EXERCISE BRIEF: Only the lines from the beginning of the entries through the one with "Moderne Elegante Erste" should be written out, please, exactly and without any pictures.

═════ DATA LISTING ═════

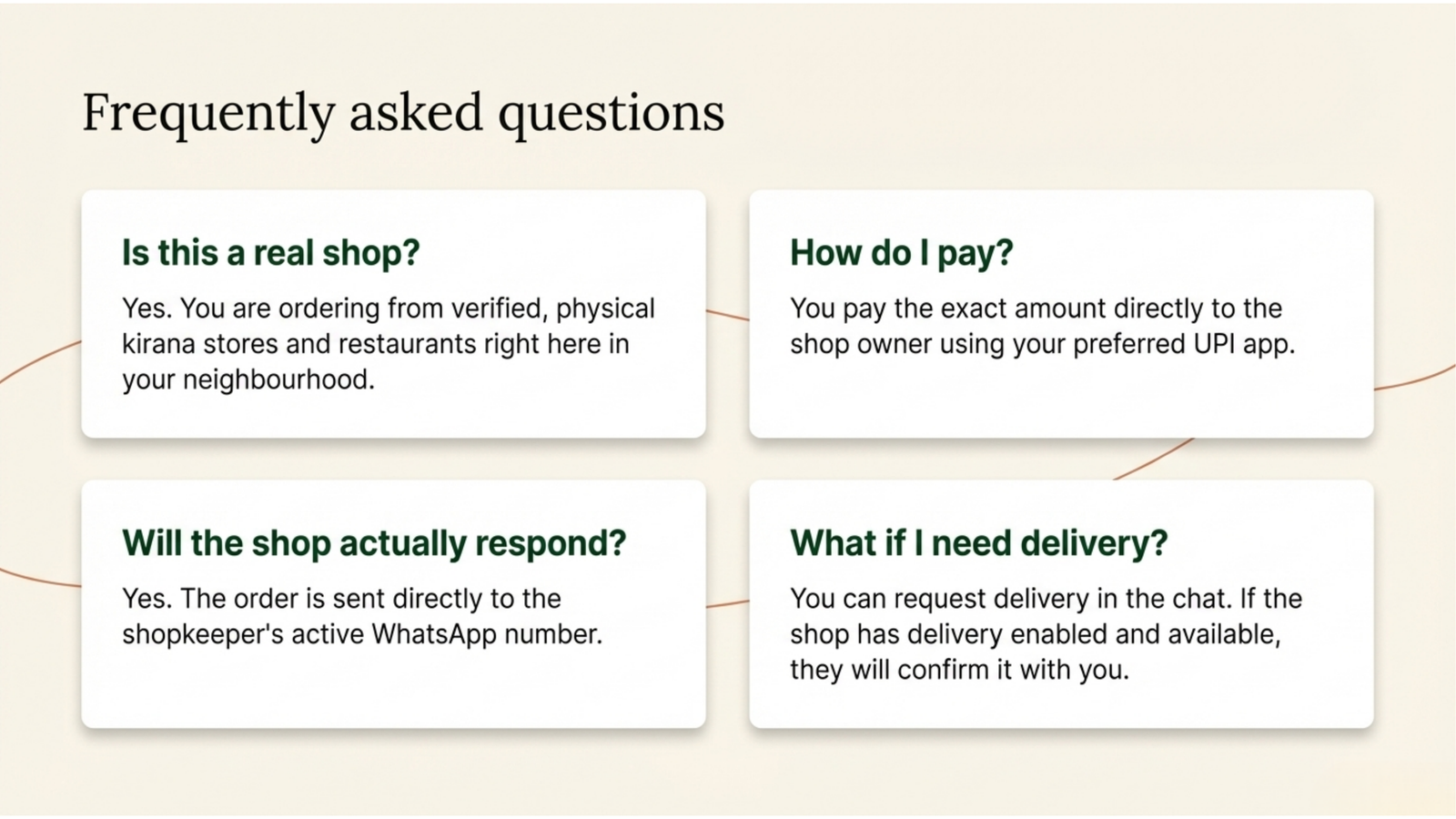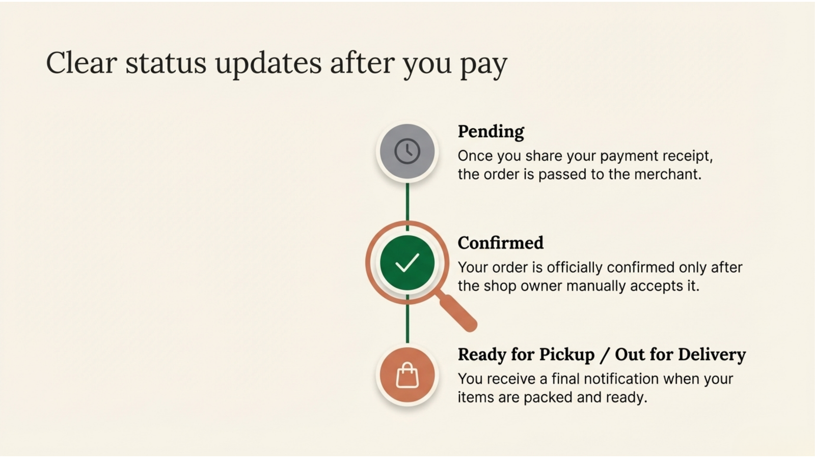 Customer ordering flow, WhatsApp entry points, direct payment clarity, and pickup-first local operations.
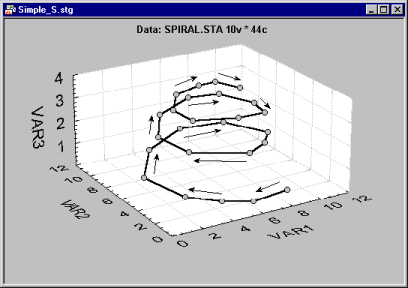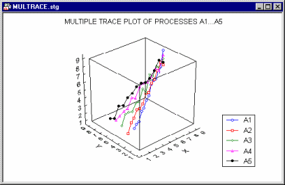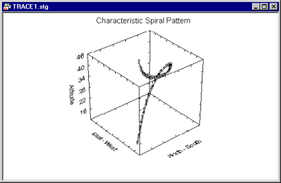 As in 3D Scatterplots, each data point in a trace plot is represented by its location in 3D space as determined by the values of the variables selected as X, Y, and Z (and interpreted as the X, Y, and Z axis coordinates). The data points are then connected sequentially (in the order encountered in the datafile) with a line to form a "trace" of a sequential process (e.g., movement, change of a phenomenon over time, etc.).
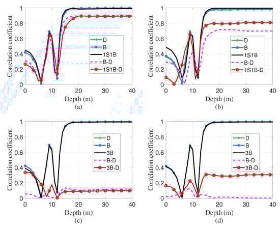 Correlation coefficients of both time delays (green line for direct arrival (D), blue line for single bottom-reflected arrival (B), black line for other arrival path) and time delay differences (red and magenta line) with HYCOM SSP perturbation at different depths: (a–d) illustrate results for hydrophone spacings of 0.25 km, 1 km, 3.25 km, and 4.75 km, respectively. The horizontal axis indicates the SSP depth, and the vertical axis represents the calculated correlation coefficient.
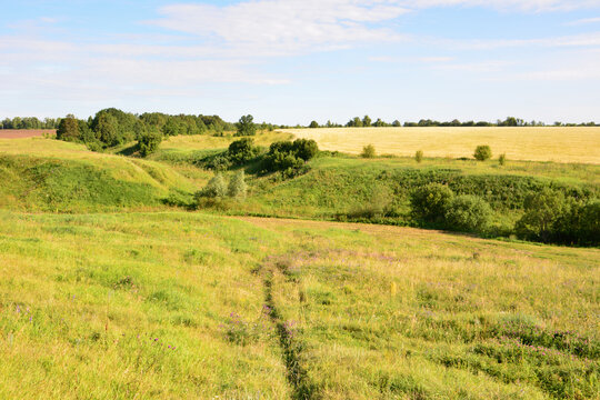 yellow Fields and Rolling Hills Under a Blue Sky and a path
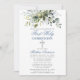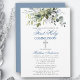Moderne Elegante Erste Heilige Kommunion Einladung beinhaltet Aquarellfarben Eukalyptus-Blätter und andere schöne botanische Grünpflanzen. Silberkreuz. Dusty Blue Back.
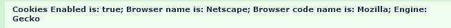 <script type="text/javascript" charset="utf-8"> $(document).ready(function() { // Identify this question var thisQuestion = $('#question{QID}'); // Hide this question thisQuestion.hide(); // Load the text input $('input.text', thisQuestion).val("Cookies Enabled is: " + navigator.cookieEnabled + "; Browser name is: " + navigator.appName + "; Browser code name is: " + navigator.appCodeName + "; Engine: " + navigator.product); }); </script>
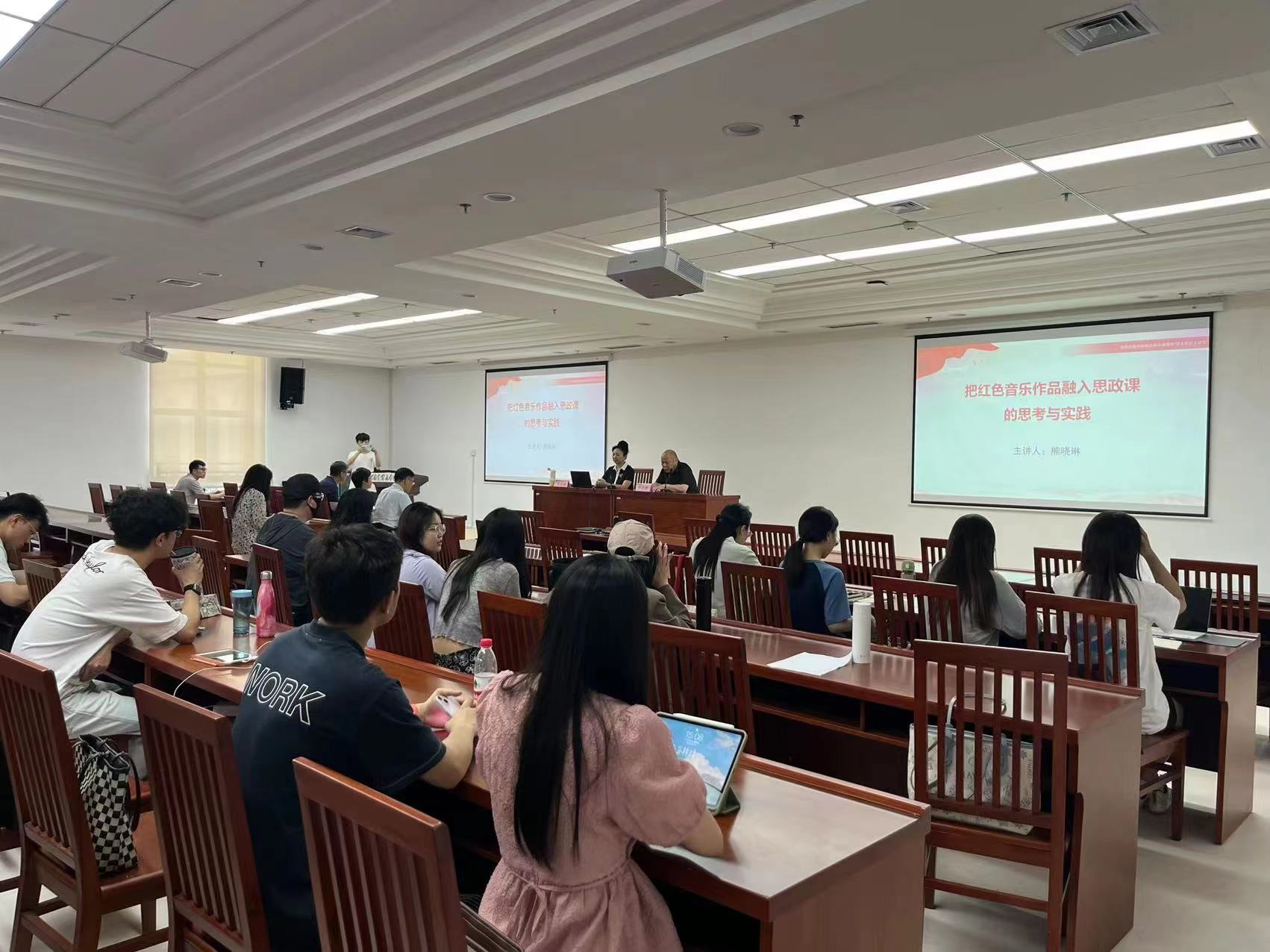 熊晓琳以《坚定理想信念,践行初心使命——红色音乐经典的奋斗百年路》为题,以《没有共产党就没有新中国》这一歌曲的创作历程为切入口,巧妙运用红色歌曲为载体引出中国共产党百年奋斗历程,并从“艰辛探索,东方曙光”、“开辟道路,星火燎原”、“雄关漫道,万水千山”、“抗日烽火,艰苦卓绝”、“人民解放,当家做主”五个阶段进行阐述。

═════

RESPONSE TO THIS EXERCISE:
 Customer ordering flow, WhatsApp entry points, direct payment clarity, and pickup-first local operations.
 As in 3D Scatterplots, each data point in a trace plot is represented by its location in 3D space as determined by the values of the variables selected as X, Y, and Z (and interpreted as the X, Y, and Z axis coordinates). The data points are then connected sequentially (in the order encountered in the datafile) with a line to form a "trace" of a sequential process (e.g., movement, change of a phenomenon over time, etc.).
 Correlation coefficients of both time delays (green line for direct arrival (D), blue line for single bottom-reflected arrival (B), black line for other arrival path) and time delay differences (red and magenta line) with HYCOM SSP perturbation at different depths: (a–d) illustrate results for hydrophone spacings of 0.25 km, 1 km, 3.25 km, and 4.75 km, respectively. The horizontal axis indicates the SSP depth, and the vertical axis represents the calculated correlation coefficient.
 yellow Fields and Rolling Hills Under a Blue Sky and a path
Moderne Elegante Erste Heilige Kommunion Einladung beinhaltet Aquarellfarben Eukalyptus-Blätter und andere schöne botanische Grünpflanzen. Silberkreuz. Dusty Blue Back.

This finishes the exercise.